**Stored data**
--
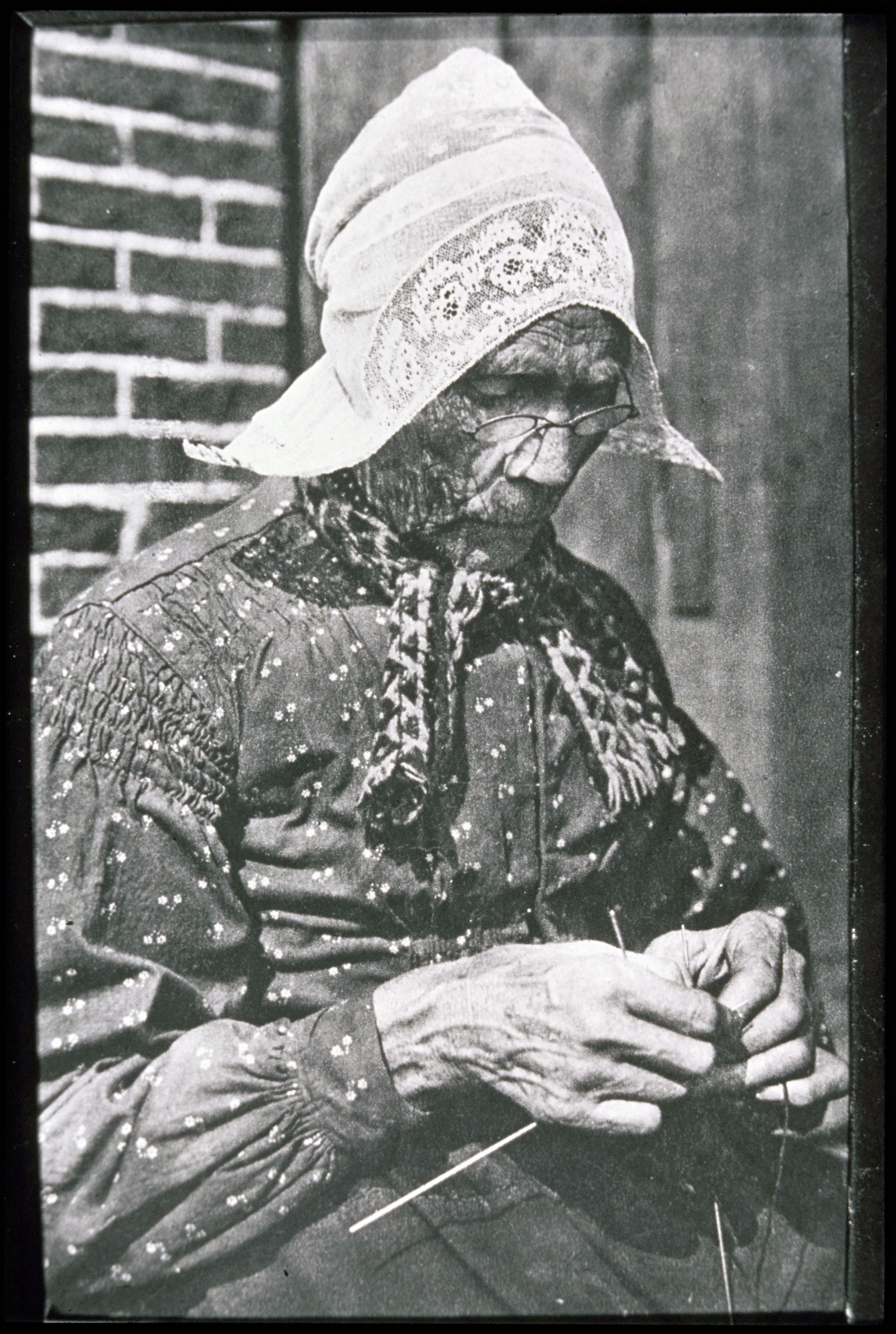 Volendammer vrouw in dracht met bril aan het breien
--
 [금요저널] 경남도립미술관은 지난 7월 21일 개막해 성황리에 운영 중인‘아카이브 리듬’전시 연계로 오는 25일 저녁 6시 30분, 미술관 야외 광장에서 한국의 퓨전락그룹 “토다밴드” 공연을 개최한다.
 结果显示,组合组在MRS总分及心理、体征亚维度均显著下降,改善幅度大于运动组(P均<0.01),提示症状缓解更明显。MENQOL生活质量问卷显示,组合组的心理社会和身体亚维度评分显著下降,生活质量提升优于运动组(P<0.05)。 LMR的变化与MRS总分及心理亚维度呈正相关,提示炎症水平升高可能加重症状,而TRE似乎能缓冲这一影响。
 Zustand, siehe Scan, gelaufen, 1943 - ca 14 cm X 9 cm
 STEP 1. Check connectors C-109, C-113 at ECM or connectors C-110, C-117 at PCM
--
**Exercise instructions**
Please give back exactly the lines of the listing above that run from the one containing "[금요저널] 경남도립미술관은 지난" through the one containing "STEP 1. Check", and only those.

**Answer below**
 [금요저널] 경남도립미술관은 지난 7월 21일 개막해 성황리에 운영 중인‘아카이브 리듬’전시 연계로 오는 25일 저녁 6시 30분, 미술관 야외 광장에서 한국의 퓨전락그룹 “토다밴드” 공연을 개최한다.
 结果显示,组合组在MRS总分及心理、体征亚维度均显著下降,改善幅度大于运动组(P均<0.01),提示症状缓解更明显。MENQOL生活质量问卷显示,组合组的心理社会和身体亚维度评分显著下降,生活质量提升优于运动组(P<0.05)。 LMR的变化与MRS总分及心理亚维度呈正相关,提示炎症水平升高可能加重症状,而TRE似乎能缓冲这一影响。
 Zustand, siehe Scan, gelaufen, 1943 - ca 14 cm X 9 cm
 STEP 1. Check connectors C-109, C-113 at ECM or connectors C-110, C-117 at PCM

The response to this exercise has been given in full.